What the task asks —
Each line below should be retyped exactly, with no pictures.

Supplied data —
--------------------------------------------------

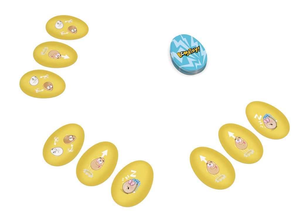 В этой веселой и динамичной игре игроки выступают в роли опытных фермеров-птицеводов, и им предстоит весьма оперативно избавляться от испорченных яиц в своих лотках. Делать это можно несколькими способами: например подбросить такой "сюрприз" соседу, или поменять яйца местами, а можно и вовсе усыпить карточку с яйцом (перевернуть её картинкой вниз).
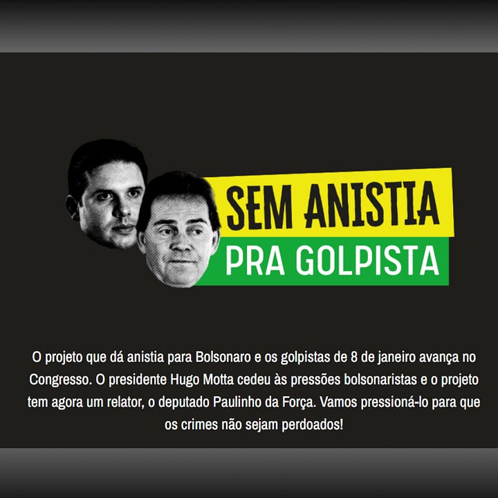O carro-chefe da mobilização digital contra o PL da anistia é o site “Sem Anistia pra Golpista”, apresentado como uma mobilização espontânea da sociedade civil. Segundo registros públicos, o domínio do site “Sem Anistia pra Golpista” foi registrado em 8 de janeiro de 2023, no mesmo dia dos atos em Brasília. Apesar disso, a campanha só passou a operar de fato em 26 de novembro de 2024, segundo registros. Foi nessa época que o slogan começou a circular nas redes sociais.
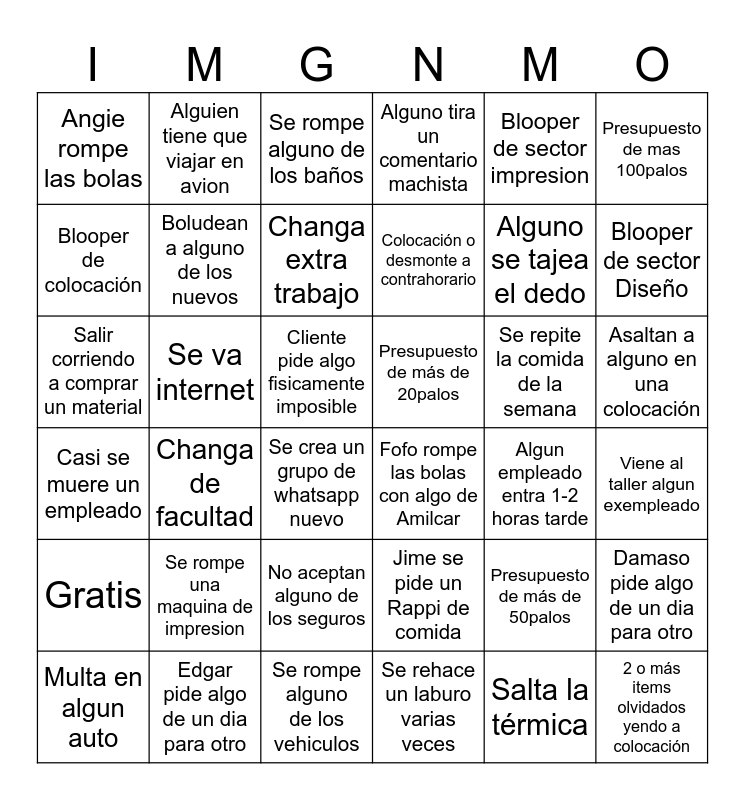 This bingo card has 37 words: Casi se muere un empleado, Se rompe una maquina de impresion, Se rompe alguno de los vehiculos, Alguno tira un comentario machista, Se repite la comida de la semana, Viene al taller algun exempleado, Angie rompe las bolas, Edgar pide algo de un dia para otro, Cliente pide algo fisicamente imposible, Jime se pide un Rappi de comida, Blooper de sector impresion, Blooper de sector Diseño, Blooper de colocación, Boludean a alguno de los nuevos, Se crea un grupo de whatsapp nuevo, Presupuesto de más de 20palos, Presupuesto de más de 50palos, Presupuesto de mas 100palos, Salir corriendo a comprar un material, Alguien tiene que viajar en avion, Se rompe alguno de los baños, Colocación o desmonte a contrahorario, Algun empleado entra 1-2 horas tarde, Damaso pide algo de un dia para otro, Gratis, Changa de facultad, Changa extra trabajo, Se rehace un laburo varias veces, Salta la térmica, 2 o más items olvidados yendo a colocación, +4 horas extras, Se va internet, No aceptan alguno de los seguros, Fofo rompe las bolas con algo de Amilcar, Alguno se tajea el dedo, Asaltan a alguno en una colocación and Multa en algun auto.

--------------------------------------------------

Response area —
 В этой веселой и динамичной игре игроки выступают в роли опытных фермеров-птицеводов, и им предстоит весьма оперативно избавляться от испорченных яиц в своих лотках. Делать это можно несколькими способами: например подбросить такой "сюрприз" соседу, или поменять яйца местами, а можно и вовсе усыпить карточку с яйцом (перевернуть её картинкой вниз).
O carro-chefe da mobilização digital contra o PL da anistia é o site “Sem Anistia pra Golpista”, apresentado como uma mobilização espontânea da sociedade civil. Segundo registros públicos, o domínio do site “Sem Anistia pra Golpista” foi registrado em 8 de janeiro de 2023, no mesmo dia dos atos em Brasília. Apesar disso, a campanha só passou a operar de fato em 26 de novembro de 2024, segundo registros. Foi nessa época que o slogan começou a circular nas redes sociais.
 This bingo card has 37 words: Casi se muere un empleado, Se rompe una maquina de impresion, Se rompe alguno de los vehiculos, Alguno tira un comentario machista, Se repite la comida de la semana, Viene al taller algun exempleado, Angie rompe las bolas, Edgar pide algo de un dia para otro, Cliente pide algo fisicamente imposible, Jime se pide un Rappi de comida, Blooper de sector impresion, Blooper de sector Diseño, Blooper de colocación, Boludean a alguno de los nuevos, Se crea un grupo de whatsapp nuevo, Presupuesto de más de 20palos, Presupuesto de más de 50palos, Presupuesto de mas 100palos, Salir corriendo a comprar un material, Alguien tiene que viajar en avion, Se rompe alguno de los baños, Colocación o desmonte a contrahorario, Algun empleado entra 1-2 horas tarde, Damaso pide algo de un dia para otro, Gratis, Changa de facultad, Changa extra trabajo, Se rehace un laburo varias veces, Salta la térmica, 2 o más items olvidados yendo a colocación, +4 horas extras, Se va internet, No aceptan alguno de los seguros, Fofo rompe las bolas con algo de Amilcar, Alguno se tajea el dedo, Asaltan a alguno en una colocación and Multa en algun auto.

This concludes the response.